Table 2. Curie temperature, T_C, and peak entropy change, |∆S_Mpeak|, at B_m = 2 T for some chosen transition metals-based amorphous alloys in the as-quenched state.

Composition	TC (K)	|∆SMpeak| (J·kg−1·K−1)	Reference
Fe76Mo10Cu1B13	277	0.88	[5]
Fe70Mn10Mo5B15	298	0.89	[33]
Fe69.75Co0.25Mn10Mo5B15	320	0.92	[33]
Fe69.5Co0.5Mn10Mo5B15	370	1.30	[33]
Fe75Zr4Ti3Cu1B17	455	1.70	[This work]

, the Curie points and the peak values of ∆S_M obtained at the maximum magnetizing field of 2 T for some Fe-based amorphous alloys in the as-quenched state are listed. It can be seen that the higher the Curie point, the larger the maximum entropy change. Such empirical behavior has been observed in transition metals-based amorphous alloys [17] and has not been fully understood yet. An attempt to elucidate this behavior qualitatively has been undertaken in [31]. The exchange interactions between magnetic moments in amorphous alloys are distributed in strength and sign, leading to different magnetic moment configurations: from random via noncollinear to simply collinear [32]. T_C is also correlated with the exchange interaction distributions, and one can believe that the higher the Curie point is, the more a collinear magnetic moment configuration occurs. The magnetic entropy is the measure of the magnetic moment disorder. Its change is larger during the transition from a more collinear (ferromagnetic) state to a random (paramagnetic) one [29]. One can say that because of the rather high Curie temperature, the investigated alloy is less attractive as a solid state refrigerant material in commonly used cooling appliances. In the future, it might be used for special applications, for example in the spacecraft industry.

The mechanical properties of the studied alloy also determine its potential application. Figure 11 shows the distribution of the instrumental hardness (HV_IT) measured for an area of 360 μm × 360 μm. One can see that the instrumental hardness does not drastically change and that only statistically acceptable changes are visible. The statistically allowed fluctuations of HV_IT values are related to the nonuniform internal structure within the amorphous phase and stresses introduced to the sample during the rapid cooling production process.

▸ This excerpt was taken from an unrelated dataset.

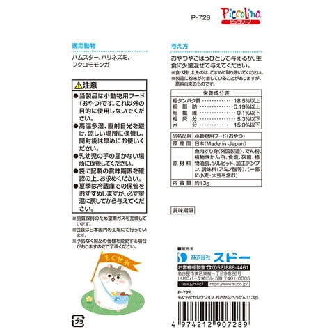 | ご注意 | ※本品は小動物用のおやつです。目的以外の用途では使用しないでください。 |
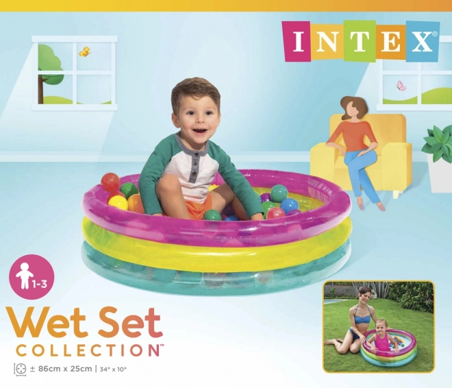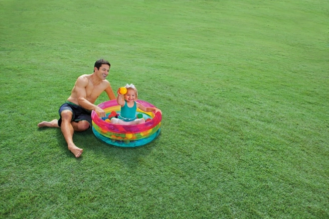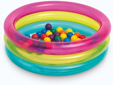Veselý nafukovací bazének s míčky od INTEX promění každý dětský pokoj i zahradu v bezpečné hřiště. Transparentní stěny s růžovým, žlutým a modrým pruhem. Odolné PVC zajišťuje snadnou údržbu a dlouhou životnost, ideální pro děti 1–3 roky.

A more detailed statistical study of the hardness distribution is presented in Figure 12. The single modal distribution with an average value of HV_IT = 14.5 GPa characterizes the mechanical properties of the investigated ribbons, as well as emphasizing the single-phased nature of the alloy. The enhanced instrumental hardness value of the investigated alloy, when compared with typical crystalline alloys (e.g., HV_IT = 3.7 GPa for 316L stainless steel and HV_IT = 6 GPa for Ti6Al4V alloy [34]), results from its amorphous structure. Based on the obtained results, it can be stated that the microstructure, in addition to the chemical composition, significantly affects the mechanical properties of metallic materials.

4. Conclusions

The NANOPERM-type amorphous Fe₇₅Zr₄Ti₃Cu₁B₁₇ alloy with two refractory metals (Zr and Ti) seems to be almost single-phase, as revealed by X-ray diffraction and transmission Mössbauer spectroscopy. The Curie point of the alloy is about 455 K, and the maximum magnetic entropy change at B_m = 2 T equals 1.7 J·kg⁻¹·K⁻¹. In comparison with other Fe-based amorphous alloys with T_C near room temperature, the investigated alloy obeys the empirical rule: the higher the Curie temperature, the larger the peak value of ∆S_M. The average value of HV_IT is about 14.5 GPa, which is superior to other crystalline Fe-based metallic materials. The instrumental hardness exhibits no sudden changes; only statistically acceptable ones are visible, confirming the single-phase character of the alloy.